All of these services transmit information, such as account activity, passwords, login time and frequency, location, size and frequency of data transfers, preferred settings, and all clicks, including UI elements, ads, and links. All this information is subsequently saved and stored in Google’s log files. This monitoring of the users’ social interactions gives Google the means to create ever more personalized data profiles. It is important to note that Google originally denied intentions that it was already connecting or planning to connect information from its various services.16 In 2004, however, the company was forced to make its privacy policy more understandable due to a new Californian law17 and the new wording included a passage stating that Google was allowed to “share the information submitted under [any Google] account among all of [their] services in order to provide [users] with a seamless experience”."

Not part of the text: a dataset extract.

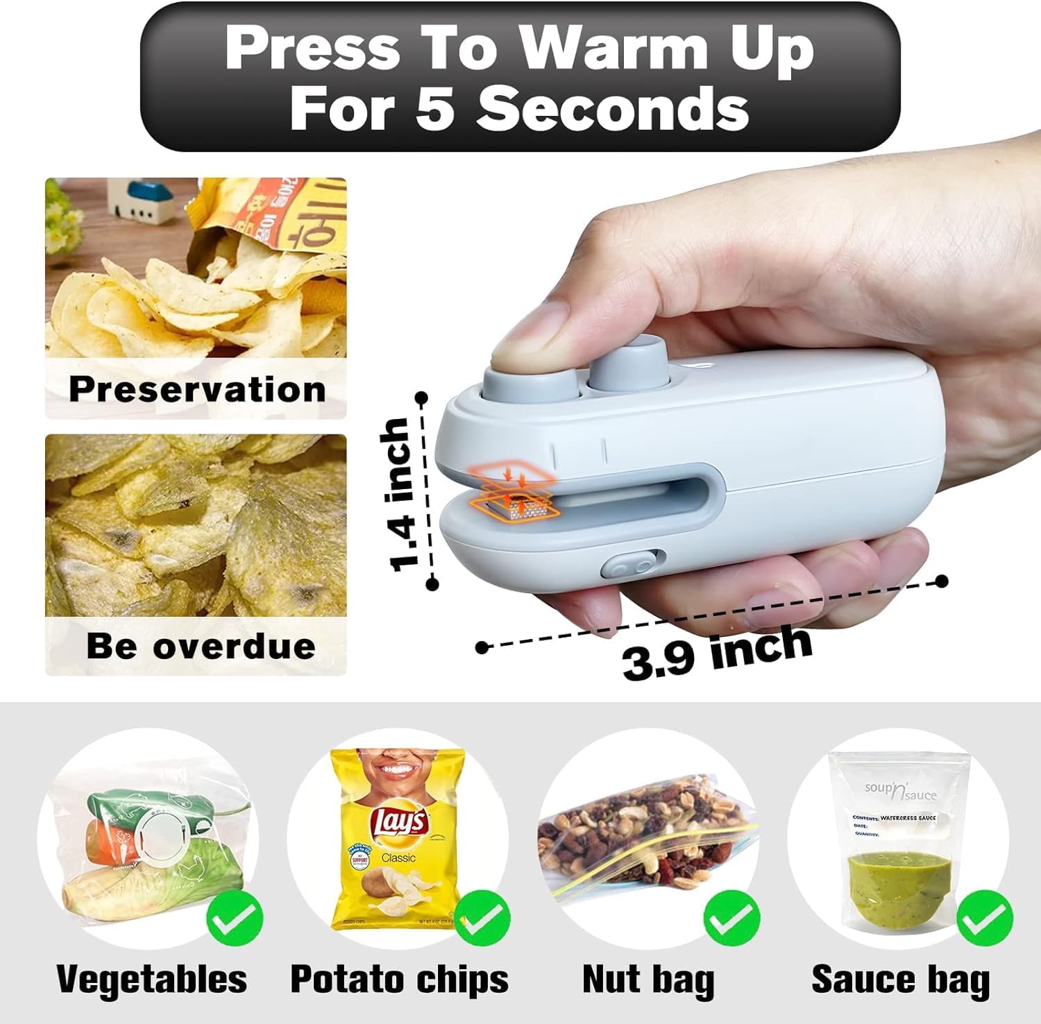 - 【2-in-1 Bag Sealer&Cutter】This mini bag sealer is a heat bag sealer, and also a bag opener. You can seal bags easily and keep your food fresh, also with the built-in sharp stainless steel blade to open the bags conveniently. 2-in-1 machine. Enjoy your fresh and crispy snacks.

Layer 3: Recreating the User’s Real-Life Embodiment

"For efficient advertising, the process of constructing the user increasingly tries to capture information about the individual as an embodied person and as an agent within a real-life environment. In order to add such data to its burgeoning second index, Google collects such disparate data as its users’ blood type, weight, height, allergies, and immunizations, their complete medical history and records such as lists of doctors appointments, conditions, prescriptions, procedures, and test results (Google Health). Google already knows where its users live (Google Account, Google Checkout, Google Maps default location) and where they want to go (Google Maps), which places they like (annotated maps with photos of and comments about “favorite places” in Google Maps), what their house looks like (Google Maps satellite function, Google Street View), which videos they watch (Google Video, YouTube), what their phone numbers are (Google Checkout), which mobile carrier and which mobile phones they use, and where (Dodgeball, GrandCentral, G1/ Android, MyLocation).

New data-rich sources are accessed through mobile phones, which store their owner’s browsing history and sensitive personal data that identifies them, and combine these with new functions such as location tracking. Android, Google’s new mobile phone platform, offers applications like Google Latitude and MyLocation, which are used to determine a user’s position; MyTracks is used to track users over time. Google will thereby be able to assemble even closer consumer profiles; by targeting users with geo-located ads, Google is creating a virtual gold mine for associated advertisers. This foray into the mobile market enables Google to collect mobile-specific information, which can later be associated with a Google Account or with some other similar account ID. Google Latitude also offers an option to invite a “friends” list to track the inviter. Privacy groups have drawn attention to the problem that user-specific location data can also be accessed by third parties without a user’s knowledge or consent and that the victim may remain unaware of being tracked20, thereby rendering ordinary mobile phones useful tools for personal surveillance.

The development of Android is perhaps the clearest example for the amount of resources Google is willing to invest in order to generate and get access to data for expanding its second index; an entire communication infrastructure is being created that is optimized for gathering data and for delivering personalized services, which are yet another way of gathering more data. Thus, Google systematically collects data to profile people in terms of their knowledge interests, social interaction, and physical embodiment. Outsiders can only observe the mechanism of gathering this data, which allows conclusions about the scope of the second index. What we cannot know is what precisely is being done with it, and even less what might be done with it in the future. What we can assess, though, are some issues arising from the mere existence of this index and the published intentions for its use."